My Lords, I thank the Minister for his reply. May I disarm him by saying that I am not speaking now as the defence spokesman but as a spokesman on ecclesiastical affairs, having, on entering your Lordships' House, tried to avoid confusion by not taking the title of "Lord Bishop"? Is the Minister really surprised that, when he refers to matters of Church and state, the country as a whole should regard the Under-Secretary of State's comments as being those of a member of the Government? Would he also accept that the stricture that clergy should not involve themselves in politics could be seen as a restriction upon the role of the right reverend Prelates and other clergy in this House in their task of conveying to the country the concern not only of the Church but of the nation on matters of cardinal importance?

Viscount Whitelaw

My Lords, I am grateful to the noble Lord for having treated this matter in what I feel is a suitably light-hearted vein.
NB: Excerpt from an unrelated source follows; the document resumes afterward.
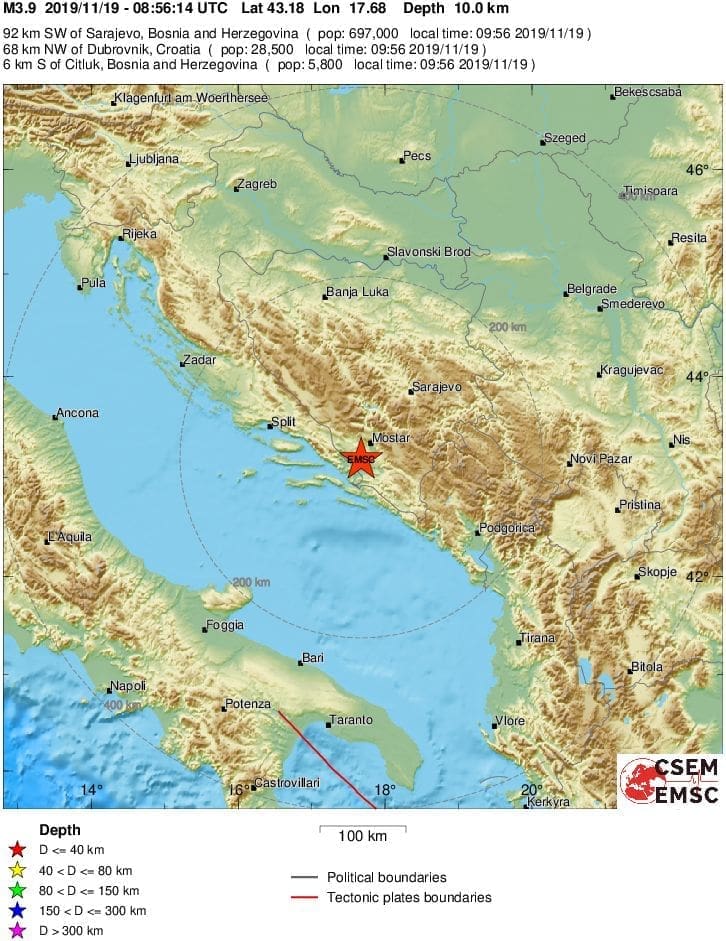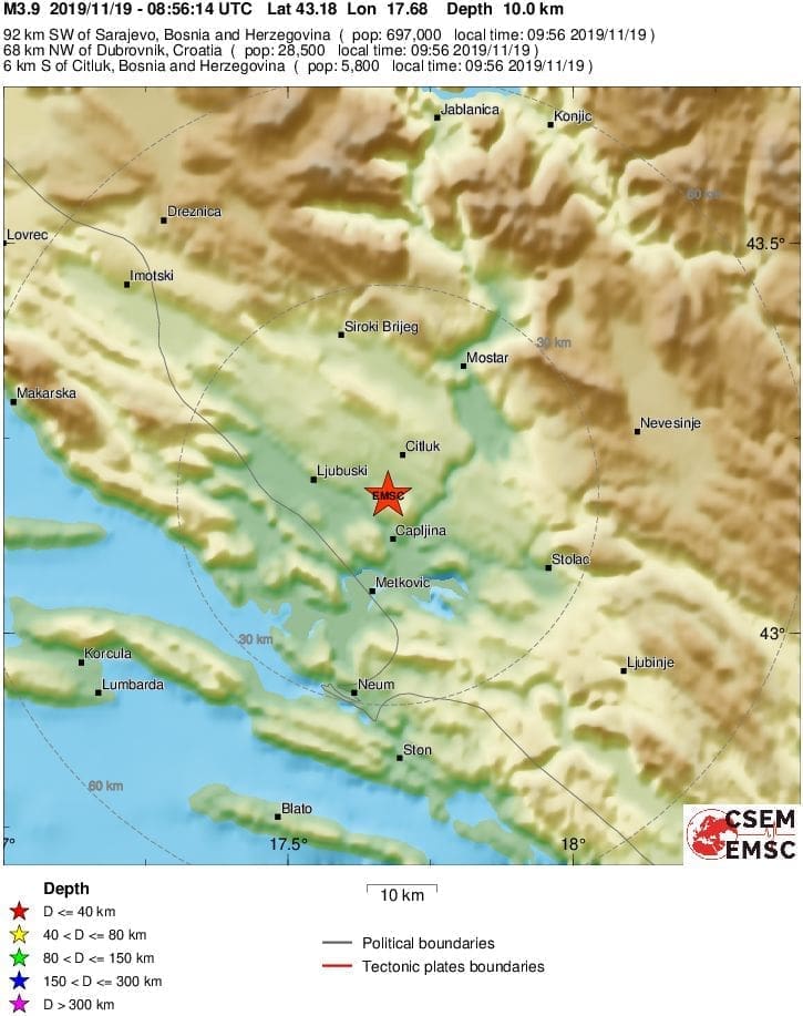 U 9 sati u 56 minuta dogodio se umjereno jak potres s epicentrom u susjednoj BiH. Prema preliminarnim podacima EMSC-a, epicentar potresa bio je magnitude 3.9 po Richteru, i to između Ljubuškog, Čitluka i Čapljine.

As for what he says about the position of the right reverend Prelates, I have noticed that I am not alone among some of my colleagues in sometimes disagreeing with the views of right reverend Prelates. Nevertheless, I would stand up to the last for their right to express their views in this House and indeed outside.
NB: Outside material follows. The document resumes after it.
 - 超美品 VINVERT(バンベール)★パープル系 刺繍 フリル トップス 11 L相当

The Lord Bishop of Rochester

My Lords, would the Minister not agree that life for him and other spokesmen of Her Majesty's Government, and indeed for spokesmen of Her Majesty's loyal Opposition, would be much duller were it not for occasional clerical competition? Even the activities of certain bishops sometimes have encouraging results in other places.

Viscount Whitelaw

Yes, my Lords, I would agree with the right reverend Prelate. One of the advantages I have found in this House is that it is possible to reply to the views of the right reverend Prelates, which is not always possible on other occasions.

Lord Kinnaird

My Lords, would the noble Viscount not agree, first, that the Under-Secretary of State might have been speaking with his tongue in his cheek? Secondly, would he not agree that, if we all kept our tongues there, life would be rather less tedious?

Viscount Whitelaw

My Lords, I did not ask my honourable friend in what way he was speaking. I merely read the words that he had said, and I hope that they have been treated in a suitable manner this afternoon.

Lord Soper

My Lords, would the Government not be inclined to agree that when this particular criticism is raised it has much more to do with Left-wing politics than politics in general, and that the objection that the clergy should not be involved in politics is generally assumed to mean that they would be all right if they were Right-wing but, if they indulge in Left-wing politics, that is suspicious and probably dubious?

Viscount Whitelaw

My Lords, as I suppose it would be considered that I was in the main a Right-wing politician, whether that would be right or wrong, I have noticed from time to time that right reverend Prelates and other ministers of religion have not always been slow to criticise me. I have taken it in good part and sometimes I have benefited from their criticism, and I hope that I shall continue to do so.

Lord Elwyn-Jones

My Lords, should we not continue to enjoy the benefit of clergy in political matters?

Viscount Whitelaw

My Lords, I frequently agree with the noble and learned Lord, and I certainly agree with him in that.